The starships of the Galactia program will represent the pinnacle of spacecraft engineering in the Solaria phase and will, given the nature of NanoFoam as a basis of their construction and the use of anti-matter propulsion, likely employ a design radically different from the starships previously envisioned by space scientists and most recent science fiction authors.
Early notions of plausible interstellar spacecraft have tended toward extremely large complex and bulky structures, such as the Bussard Ramjet concept proposed in 1960 by physicist Robert Bussard (now generally considered infeasible but once very popular in less fanciful science fiction), Project Orion concept proposed by Ted Taylor and Freeman Dyson in the late 1960s, the Project Daedalus concept proposed by the British Interplanetary Society in early 1970s, and the Project Longshot concept proposed by NASA in the late 1980s. These were based largely on variations of proposed fusion propulsion and employed vast fuel storage tanking with vast beryllium shields as protection against forward particle impacts at relativistic speeds. Traveling around 10% the speed of light, their missions to nearby stars were projected to be in the 50 year range. The Project Longshot concept is interesting in that it’s design features a BeamShip architecture like most of the spacecraft anticipated for the Asgard phase of development. It also has characteristics of the dumbbell or ‘gamma’ spacecraft configuration favored by a number of past hard science fiction authors.

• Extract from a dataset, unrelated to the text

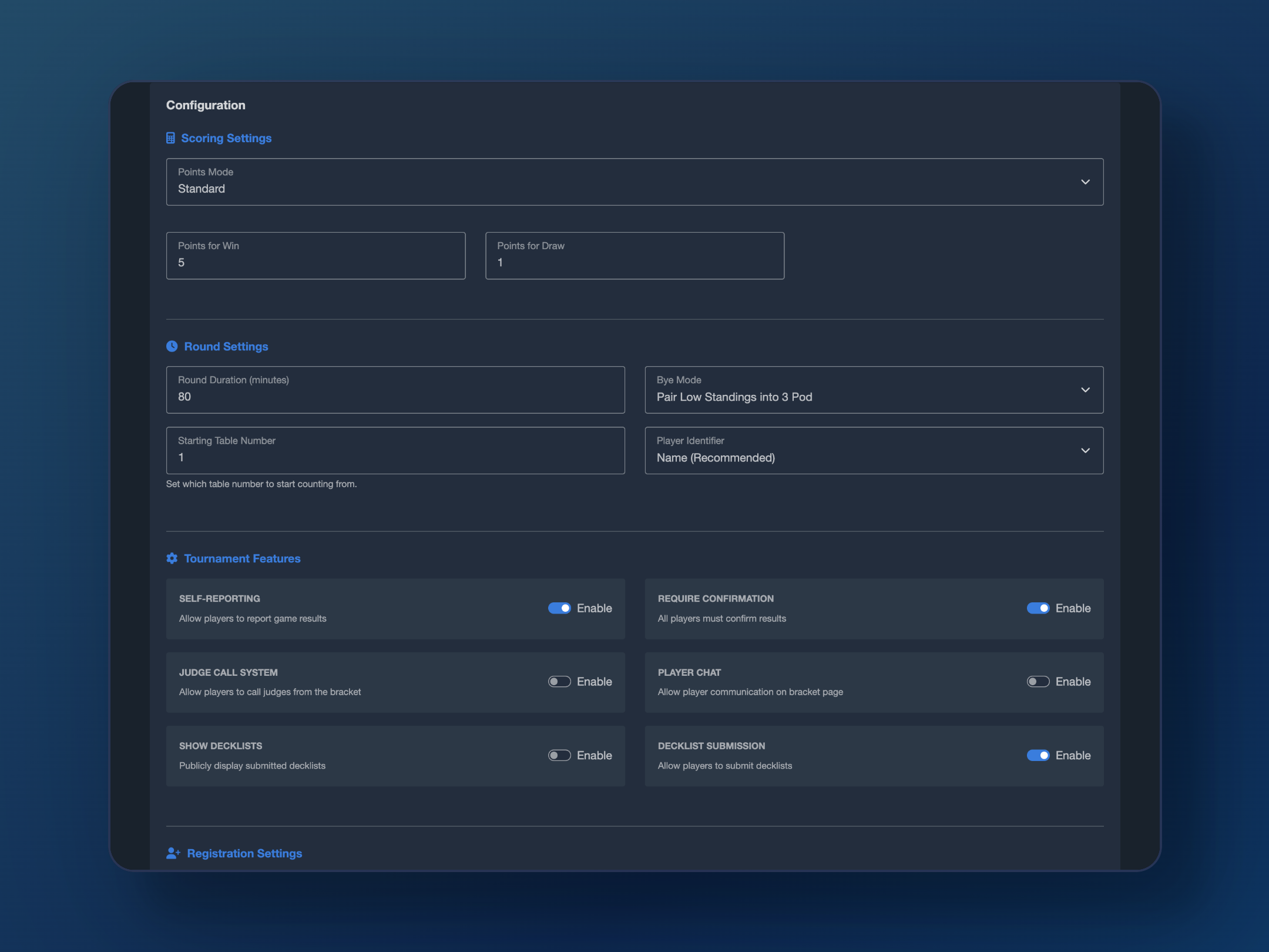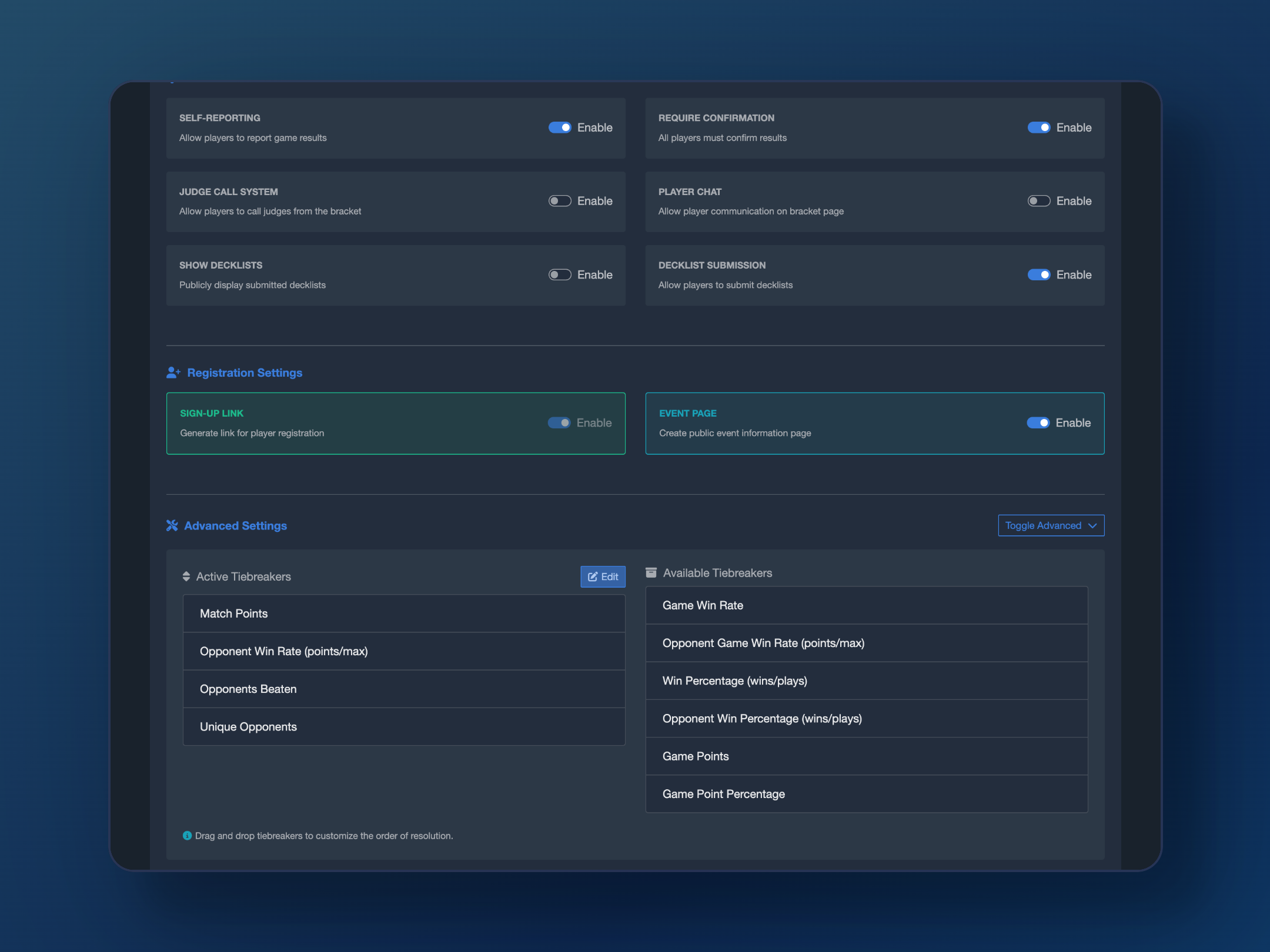 - Require Confirmation: If Self-Reporting is toggled on, set this to require confirmation from all players on the reported result.

A more recent, and potentially more promising, concept from the early 1990s is the Valkyrie proposed by writer Charles Pellegrino and physicist Jim Powell. This is also a very long BeamShip-like structure based on a ten kilometer long tether or narrow truss featuring a towing engine configuration where a large forward-mounted toroidal magnetic confinement antimatter engine provides thrust with crew and payload modules further down the truss shielded by a dense but relatively small tungsten ‘shadow shield’. A spray of coolant droplets provides a combination of cooling and dust impact shielding and is recovered and recycled continuously during acceleration by the magnetic confinement field. A duplicate engine, at the opposite end of the tether is employed during deceleration, generating reverse thrust, while vast but extremely thin umbrellas of mylar in thousands of layer would be deployed in the front of the vessel to serve like a Whipple Shield for particle impacts. This would be further assisted by a ‘dust shield’ made from ground-up used fuel tanking and ejected in a plume in the direction of travel. (A bit of a hazard traveling as relativistic speeds…) This approach eliminates the need for the vessel to reverse direction mid-flight -it’s long flexible structure impossible to shield when turning- but does require that the crew module be able to climb the core tether or truss to an opposite position for distance from the braking engine’s radiation. This concept in intended to have three generations, the first using an antiproton-induced fusion propulsion system capable of 10% the speed of light, the second a scaled-down vessel using a proton-antiproton annihilation version of the engine for a fast interplanetary vessel, and the full scale proton-antiproton annihilation engine capable of a speculative 92% the speed of light. First featured in Pellegrino’s SF novel Flying to Valhalla, a visual analog to this form of starship also recently appeared in the James Cameron film Avatar, Pellegrino and Powell acting as consultants on its design. This is our most advanced plausible starship concept to date and if this form of propulsion is realized in the Asgard phase, it’s likely that this design approach may be use for the first interstellar probes.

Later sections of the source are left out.